Re: Blank Node Identifiers and RDF Dataset Normalization from Dave Longley on 2013-02-25 (public-linked-json@w3.org from February 2013)

From: Dave Longley <dlongley@digitalbazaar.com>
Date: Mon, 25 Feb 2013 10:56:04 -0500
To: Steve Harris <steve.harris@garlik.com>
CC: public-linked-json@w3.org
Message-ID: <512B8994.9080609@digitalbazaar.com>
On 02/25/2013 10:34 AM, Steve Harris wrote:
> On 2013-02-25, at 15:20, Dave Longley <dlongley@digitalbazaar.com> wrote:
>
>> On 02/25/2013 07:27 AM, Steve Harris wrote:
>>> [ TL;DR - stop messing ]
>>>
>>> Some systems (specifically 4store and 5store that I'm aware of, but I expect others) use the fact that graph labels have to be URIs as a source of optimisation.
>>>
>>> For example:
>>>
>>> SELECT * WHERE {
>>>     ?g dc:date ?d .
>>>     GRAPH ?g { ?x a foaf:Person }
>>> }
>>>
>>> You can restrict your search to values for ?g to URIs under current RDF semantics. Often you would want to bind dc:date first - e.g. if dc:date predicates with URI subjects in the "default graph" were rarer than graphs containing foaf:Person-s.
>>>
>>> Specifically 5store has no index space for quads where the graph label isn't a URI - this again is an optimisation (but 4store doesn't do that). Changing that would involve a significant amount of effort, and is not something we would commit to for a feature that would be of no benefit. SPARQL explicitly states that graph labels must be URIs, so this is legit.
>>>
>>> Also, it's highly subjective whether having bNodes as graph identifiers is a "good thing", I have evidence from 3store that it's not, users found it generally weird (this was in the days before graph-spanning bNodes were common, perhaps that's a factor?), and didn't like the fact there there were graphs without stable identifiers. You *can* preserve bNode labels between (de)serialisations, but not many systems do, and you're not required to.
>>>
>>> However, neither of those really the issue - I think people in the community should recognise that RDF is now a deployed system with many implementations. I believe it does serious harm to RDFs image as a "real" technology if we go about making deep changes like this for no particularly good reason.
>>>
>>> We should have moved way beyond the time where RDF is an "emerging tech" only suitable for early-stage startups and academics. Lets start to act like we believe that.
>>>
>>> </rant>
>> Would these systems need to change if a new "special" kind of URI is used that takes on, in effect, the same attributes and meaning as a blank node identifier? From what I can tell, there are two workable proposals for generating identifiers for graphs on the table here:
> No, that would be just a URI as far as I can tell. I was specifically responding to the idea of changing the definition of SPARQL Datasets.
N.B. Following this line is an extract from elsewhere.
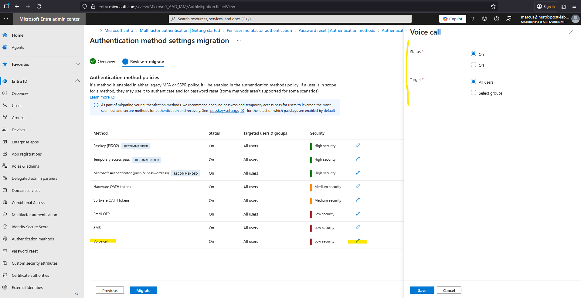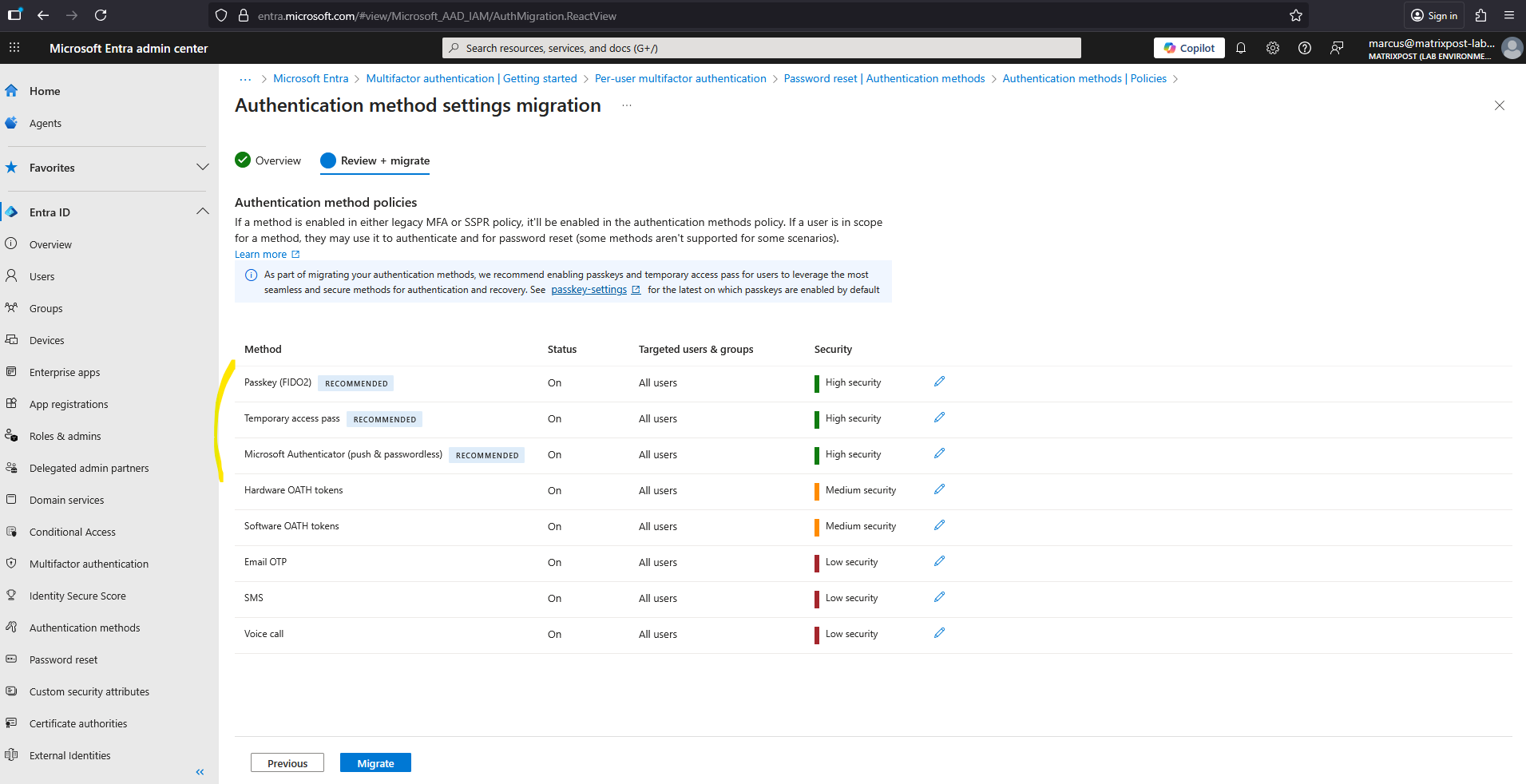 Finally select Migrate, and then confirm the migration. The Authentication methods policy gets updated to match the configuration specified in the wizard.

So your current system, if queried for <tag:w3.org,2013:dsid:1>, would 
behave in exactly the same way now as it would if it were modified to 
work with blank node identifiers in the graph position... and then 
instead queried for _:b1? It seems to me that blank node identifiers or 
"blank node-like identifiers" cannot be simply treated as opaque values 
and queried as if stable ... graphs would be improperly merged and you 
would have incorrect matches in your indexes (a deoptimization at best). 
This is not the case? If it is, then those special URIs must be treated 
in a similar fashion ... not just like any old URI. The special 
document-local attributes and behavior of blank node identifiers must 
bleed into the URI space. Is this all pushed somehow to the query 
language, and even so, aren't your indexes still polluted?


>
> - Steve
>
>> 1. Use a blank node identifier.
>>
>> 2. Use a special IRI that is prefixed with "tag:w3.org,2013:dsid:". This identifier will look like an IRI but otherwise function exactly like a blank node identifier does (a document-local ID that is parsed/understood to have special meaning apart from other IRIs... it is not a "global" ID).
>>
>> It seems to me that systems would have to change to accommodate either of these proposals. In the first case, those systems that were written to reject illegal values would reject any data containing blank node identifiers as graph labels until they were updated. This is an annoyance, but seems preferable, IMO, to the second case. In the second case, existing systems that did not make appropriate changes could be susceptible to what I would consider data corruption. It sounds like, in your case, you have a particular index that might not be utilized properly -- because it would be incorrectly associating the special URI with multiple documents (merging graphs)... when it is a document-local identifier. Perhaps I am misunderstanding the current state of these systems, but I currently fail to see how the second option is preferable over the first from an existing systems standpoint.
>>
>> -Dave
>>
>>
>>> - Steve
>>>
>>> On 2013-02-25, at 11:21, William Waites <ww@styx.org> wrote:
>>>
>>>> Some RDF databases use the fact that the number of different
>>>> predicates will be small compared to the number of different nodes in
>>>> the subject or object position as a source of optimisation. Allowing
>>>> blank nodes as predicates, though it would be convenient and in some
>>>> respects more elegant would tend to break this assumption to the
>>>> detriment of the databases that are affected. This is a very real
>>>> concern.
>>>>
>>>> Allowing blank nodes in the graph position would not, as far as I am
>>>> aware, have a similar impact on existing implementations. My
>>>> impression from the previous discussion is that it's an easy patch to
>>>> the standards documents as well.
>>
>> -- 
>> Dave Longley
>> CTO
>> Digital Bazaar, Inc.
>> http://digitalbazaar.com
>>


-- 
Dave Longley
CTO
Digital Bazaar, Inc.
http://digitalbazaar.com
Received on Monday, 25 February 2013 15:55:19 UTC